The knitting tension is very individual; some people knit/crochet loosely while others work tightly. You adjust the knitting tension with the needle size, which is why the suggested needle size only serve as a guide! You need to adjust this (up or down) to ensure that YOUR knitting tension matches the knitting tension provided in the pattern. If you work with a different knitting tension than provided you will have a different yarn consumption, and your work will have different measurements than what the pattern suggests.

The knitting tension also determines which yarns can replace each other. As long as you achieve the same knitting tension you can replace one yarn with another.

See DROPS lesson: How to measure your tension/gauge

See DROPS video: How to make a gauge tension swatch

The required amount of yarn is provided in grams, eg: 450 g. To calculate how many balls you’ll need you first need to know how many grams are in 1 ball (25g, 50g or 100g). This information is available if you click on the individual yarn quality on our pages. Divide the amount required with the amount of each ball. For example, if each ball is 50g (the most common amount), the calculation will be as follows: 450 / 50 = 9 balls.

The important thing when changing from one yarn to another is that the knitting/crochet tension remains the same. This is so that the measurements of the finished piece will be the same as on the sketch provided. It is easier to achieve the same knitting tension using yarns from the same yarn group. It is also possible to work with multiple strands of a thinner yarn to achieve the knitting tension of a thicker one. Please try our yarn converter. We recommend you to always work a test swatch.

Please NOTE: when changing yarn the garment might have a different look and feel to the garment in the photo, due to individual properties and qualities of each yarn.

See DROPS lesson: Can I use a different yarn than the one mentioned in the pattern?

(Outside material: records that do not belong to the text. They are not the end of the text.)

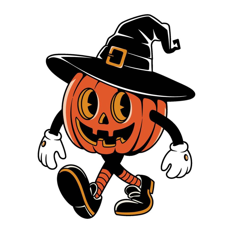 Retro pumpkin character walking in Halloween attire with playful expression and a witch's hat Pro Vector
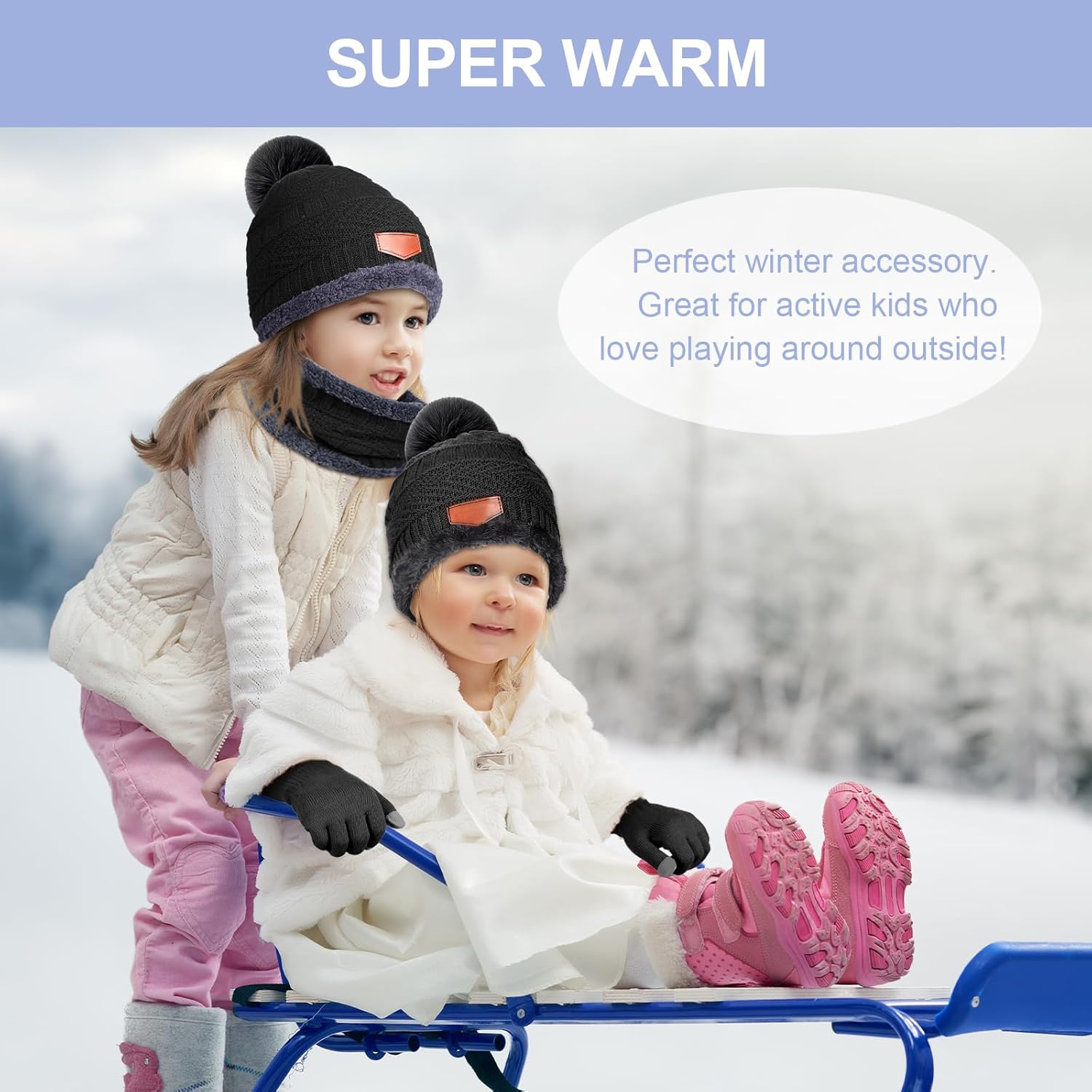 JaGely 12 Pieces Kids Winter Hat Glove Scarf Sets Thick Fleece Knitted Beanie Touchscreen Warmer Gaiter for Boys and Girls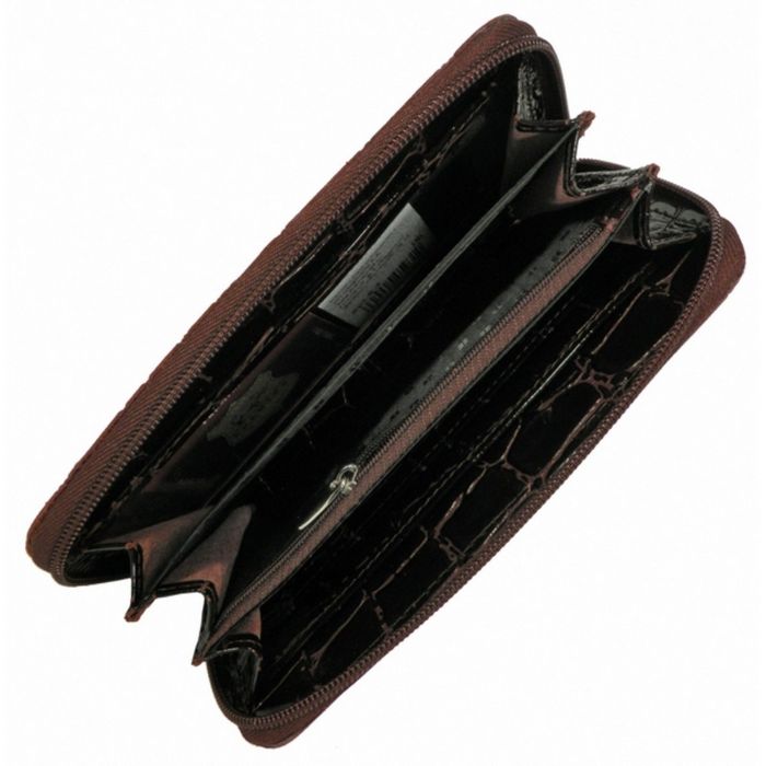 Портмоне женское на молнии, 3 отдела для купюр, для монет, для кредитных карт, цвет тёмно-коричневый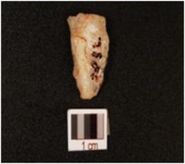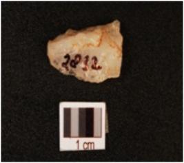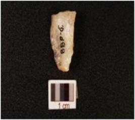 | Description / विवरण | Balde made on quartz, bulb of percussion on the ventral side, prepared platform on the proximal end, distal end broken, use wear marks along the cutting edges. |
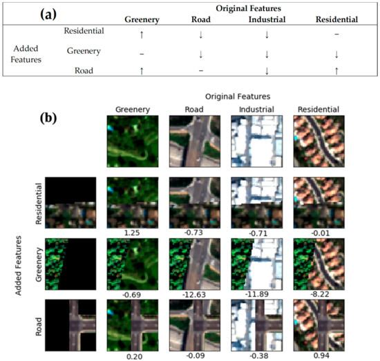 We started by randomly selecting different images that have urban features consisting of greenery, road, industrial and residential objects. Then, we synthesized satellite images with urban features associated with low and high pollution levels (i.e., artificially adding image features over existing images) with examples in Figure 6b. Each row/column in Figure 6b represents an urban feature category and the intersection of each row and column shows a synthesized image combining those features. The differences between pollution concentrations of original and synthesized images predicted by the model are indicated on the right hand of each subplot in Figure 6b. We fed the original and synthesized images into the trained model and analyzed the difference in pollution levels predicted by the model.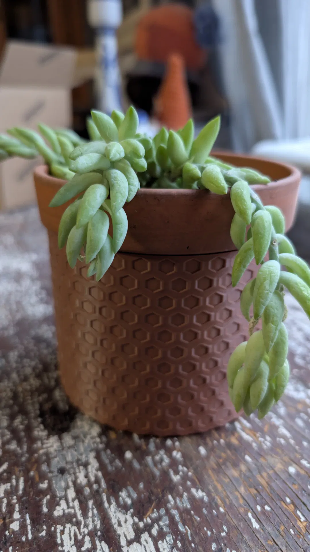 Đây là một phiên bản mới mẻ của chậu cây phong cách modern, nổi bật với bề mặt honeycomb (hexagon) sắc nét. Họa tiết hình học bắt sáng rất đẹp, hợp cực với không gian nội thất hiện đại hoặc kiểu công nghệ.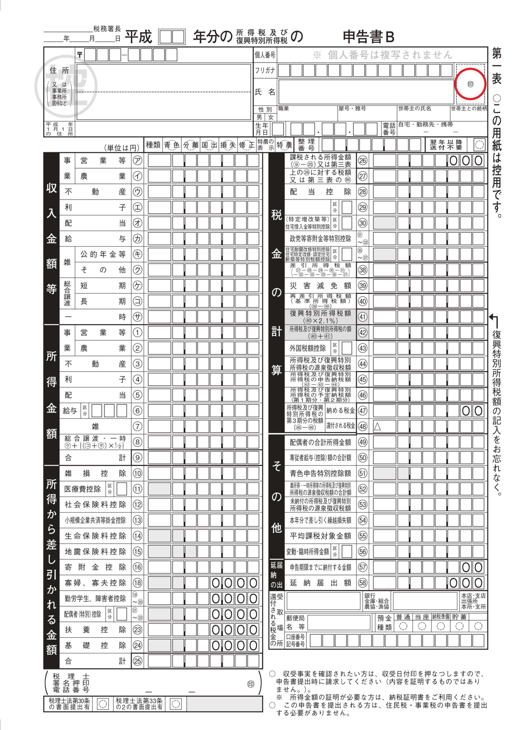 確定申告書B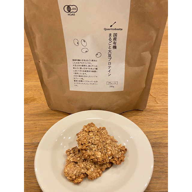 国産有機大豆プロテインで、栄養満点クッキーを 植物性の大豆プロテインは、近年、健康維持や美容、運動をされる方の栄養補給にと大人気。 クアントバスタさん(QuantoBasta:イタリア語で「適量」)の大豆プロテインは、 国産有機大豆をまるごと粉砕、有機黒糖、有機米糀、乳酸菌などで自然な甘みを感じられる美味しいプロテインです。 でも毎回、豆乳や牛乳に混ぜて飲んだり、ヨーグルトにかけていただくだけでは飽きてしまう……? わたしのおすすめの食べ方は、薄力粉の代わりに大豆プロテインを入れて作るオートミール&プロテインクッキー。 材料を混ぜて焼くだけでヘルシー&栄養たっぷりのクッキーを簡単に作ることができます。 スポーツに熱中しているわがやの男子にも、安心して食べさせられる!とはじめました。 成長期の子どものおやつにはもちろん、おとなにもうれしいギルティフリーなクッキー。おすすめです。 (東京店野菜市場 M)

All our yarns are categorised into yarn groups (from A to F) according to thickness and knitting tension – group A contains the thinnest yarns and group F the thickest. This makes it easier for you to find alternative yarns to our patterns, should you wish to switch yarn. All yarns within the same group have a similar knitting tension and can easily replace each other. However, different yarn qualities have different structures and properties which will give the finished work a unique look and feel.

Click here for an overview of the yarns in each yarn group

At the top of all our patterns you’ll find a link to our yarn converter, which is a helpful tool should you wish to use a different yarn than suggested. By filling in the yarn quality you wish to replace, the amount (in your size) and number of strands, the converter will present good alternative yarns with the same knitting tension. Additionally it will tell you how much you’ll require in the new qualities and whether you’ll need to work with multiple strands. Most skeins are 50g (some are 25g or 100g).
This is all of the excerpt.